Site icon Alpha Edge Investing

CIMB: Manulife US REIT – Add Target Price US$0.25

Still work in progress
3Q23 update highlights

3Q23 portfolio occupancy slipped qoq to 84.7% (from 85.1% at end-2Q23). Manulife US REIT (MUST) leased/renewed 193k sq ft of space in 3Q23 (9M: 636k sq ft), including early renewal of its fourth largest tenant, Kilpatrick Townsend at Peachtree. Renewal demand made up 90% of the leases signed in 3Q. Tenants were mainly from the legal, finance & insurance, healthcare, accounting, construction and information sectors. Overall, MUST posted a +24.2% rent reversion in 3Q23 (+10% in 9M23). MUST has a balance of 5.6%/13.4% of leases expiring in 4Q23F/FY24F. According to property consultant Jones Lang Lasalle, although leasing volumes in MUST’s submarkets continue to be slow, lease terms are lengthening. Net effective rents appear to be stabilising, and tenant incentives are moderating. That said, sub-leasing activities continue to inch up qoq as tenants sublease their under-utilised spaces.

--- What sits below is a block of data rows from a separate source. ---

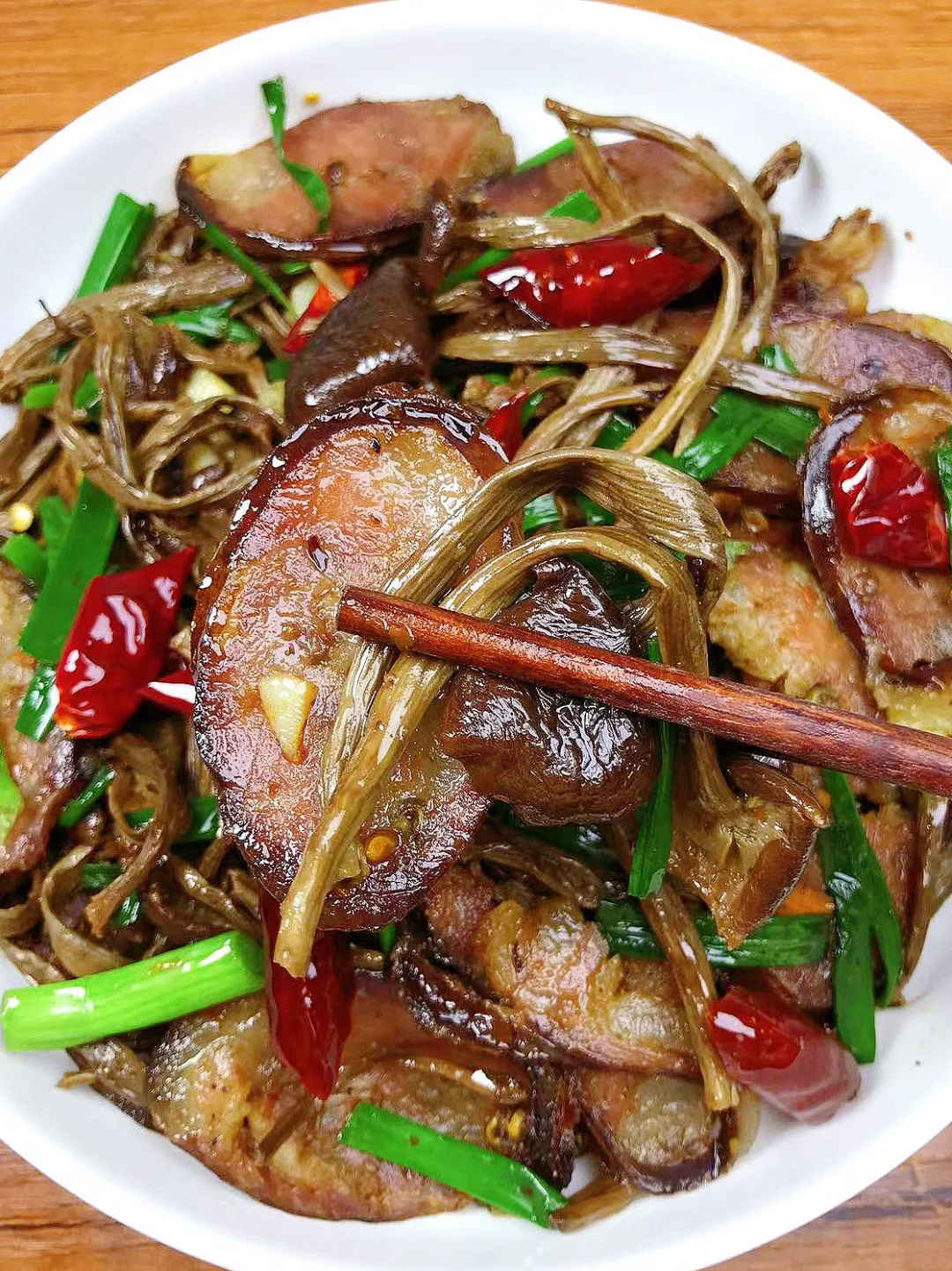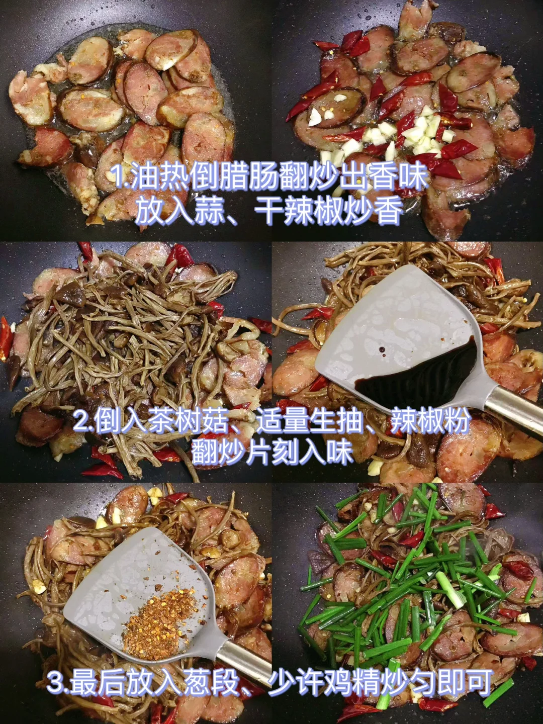[赞R]今天分享一款茶树菇炒腊肠!腊香浓郁,好吃下饭,太香啦!!喜欢的赶紧试试吧! [赞R]食材:腊肠/腊肉、干茶树菇、干辣椒、蒜、葱段/蒜苗 [赞R]做法: 1.干茶树菇热水泡发洗净后煮10分钟沥干;腊肠洗净煮熟切成片 2.油热倒入腊肠翻炒出香味,放入蒜、干辣椒炒香,倒入茶树菇、适量生抽、辣椒粉翻炒片刻入味 3.最后放入葱段、少许鸡精翻炒均匀即可
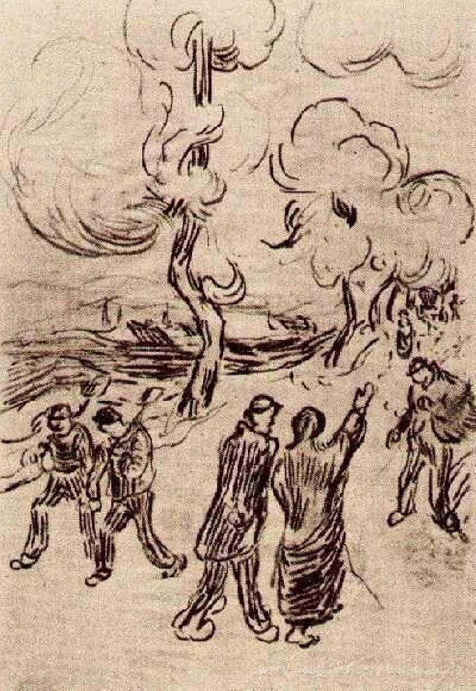 Wir bieten Ihnen eine handgefertigte Reproduktion auf Leinwand des berühmten Kunstwerks 'Mehrere Figuren auf einer Straße mit Bäumen' von Vincent van Gogh, aus dem Reproduktionsmuseum.
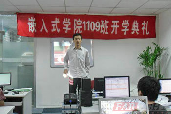 上午9點(dian)開學典禮準時在(zai)(zai)銀海(hai)大樓第一(yi)教室(shi)隆重(zhong)舉行。班(ban)主任胡老(lao)(lao)師(shi)(shi)(shi)首先(xian)給學員(yuan)們(men)播(bo)放(fang)了一(yi)段短(duan)片(pian)關(guan)于華(hua)(hua)清(qing)(qing)遠見(jian)的(de)(de)(de)(de)(de)未來發(fa)展前景的(de)(de)(de)(de)(de)簡介,這(zhe)吸引了眾多(duo)(duo)學員(yuan)的(de)(de)(de)(de)(de)眼(yan)球,這(zhe)也讓(rang)學員(yuan)們(men)更加清(qing)(qing)晰地認識到(dao)嵌(qian)入式(shi)行業(ye)(ye)的(de)(de)(de)(de)(de)廣闊(kuo)前景和職業(ye)(ye)發(fa)展的(de)(de)(de)(de)(de)美好前途(tu)。接著在(zai)(zai)胡老(lao)(lao)師(shi)(shi)(shi)的(de)(de)(de)(de)(de)主持下,開學典禮正式(shi)開始。在(zai)(zai)各位師(shi)(shi)(shi)生熱烈的(de)(de)(de)(de)(de)掌聲中(zhong),典禮首先(xian)邀請了上海(hai)中(zhong)心負責人(ren)高(gao)老(lao)(lao)師(shi)(shi)(shi)致辭。高(gao)老(lao)(lao)師(shi)(shi)(shi)給學員(yuan)們(men)講解了華(hua)(hua)清(qing)(qing)遠見(jian)的(de)(de)(de)(de)(de)發(fa)展歷史及背景、華(hua)(hua)清(qing)(qing)遠見(jian)的(de)(de)(de)(de)(de)業(ye)(ye)務模式(shi)、嵌(qian)人(ren)式(shi)學院的(de)(de)(de)(de)(de)發(fa)展歷程(cheng)、課程(cheng)體(ti)系、師(shi)(shi)(shi)資介紹等(deng)等(deng),同時高(gao)老(lao)(lao)師(shi)(shi)(shi)對學員(yuan)們(men)這(zhe)四個月的(de)(de)(de)(de)(de)學習提出了具(ju)體(ti)的(de)(de)(de)(de)(de)要(yao)求(qiu),希望(wang)大家(jia)能(neng)(neng)夠在(zai)(zai)接下來的(de)(de)(de)(de)(de)學習中(zhong)堅持、努(nu)力、終獲得成功,高(gao)老(lao)(lao)師(shi)(shi)(shi)也提到(dao)在(zai)(zai)整個學習過程(cheng)中(zhong)可能(neng)(neng)會(hui)(hui)碰到(dao)很多(duo)(duo)問題(ti),很多(duo)(duo)學員(yuan)學到(dao)后會(hui)(hui)有想放(fang)棄的(de)(de)(de)(de)(de)感覺(jue)尤其學到(dao)ARM這(zhe)一(yi)模塊,很多(duo)(duo)人(ren)會(hui)(hui)覺(jue)得很難,但你(ni)只(zhi)要(yao)堅持相信(xin)到(dao)后你(ni)定能(neng)(neng)看到(dao)希望(wang)。
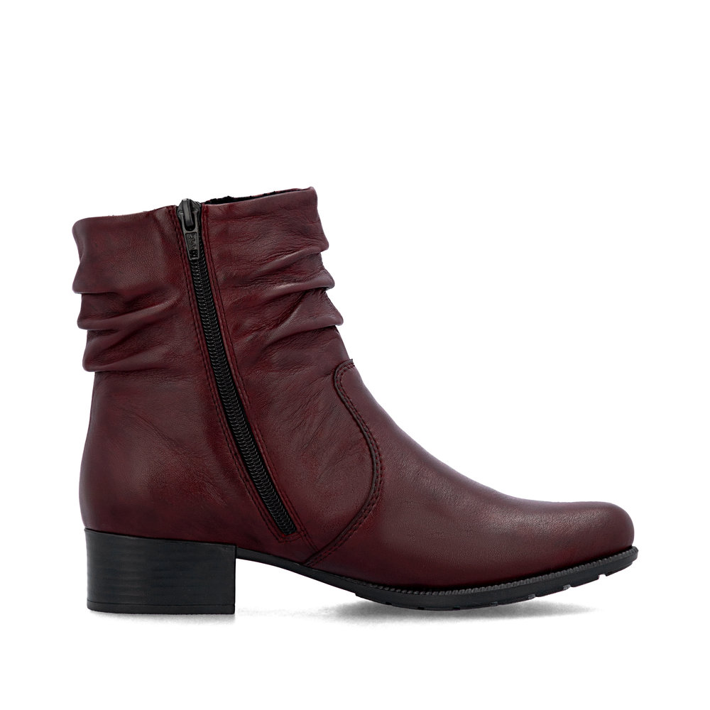Dámská kotníková obuv na podpatku ve vínové barvě značky Rieker. Z boku obuvi dva funkční zipy. Obuv je lehce zateplená. Podešev je díky technologii Antistress lehká, flexibilní, absorbuje nárazy při došlapu a snadno se přizpůsobí každé noze.

Assembled Sponsor package, identified non-core assets for sale

As at end-3Q23, MUST’s aggregate leverage stood at 56%, based on Monetary Authority of Singapore (MAS) guidelines, while its interest coverage (ICR) slipped to 2.4x. With its interest rate hedges progressively rolling off, the proportion of fixed rate loans dipped to 69.2% in 3Q23 (from 80.2% in 2Q23), while interest cost rose qoq to 4.38%. With US office values still under pressure for 2023F, we believe gearing should remain elevated in the near term. In terms of its ongoing discussion with lenders, MUST indicated it remains focused on negotiations with lenders, formulating long-term liquidity plans, pursuing a mandate to divest assets to reduce its debts and for capex, and undertaking a strategic review of the REIT. Management updated that it has assembled a Sponsor package, and execution of this package will depend on lenders’ approval. In addition, it has identified non-core assets for sale based on future return potential and capex requirements We believe that until there is more visibility on MUST’s negotiations for a waiver of its financial covenants, its share price could likely remain under pressure.

Retain Add rating

We keep FY23-25F DPUs unchanged and maintain our DDM-based TP at US$0.25. While the uncertainty of outcome of its negotiations with its lenders remains a near-term overhang on its share price, we believe its current valuation of 0.13x FY23F P/BV has factored in much of its operational and financial challenges. Hence, we maintain our Add call. Potential re-rating catalysts: quick conclusion to its negotiations with its lenders and a swift recovery of the US office transactions market, which would provide more financial and earnings certainty. Key downside risks: slower-than-expected backfilling of vacated spaces impacting its near-term income visibility, and a protracted slowdown in the US economy, which could dampen appetite for its office space.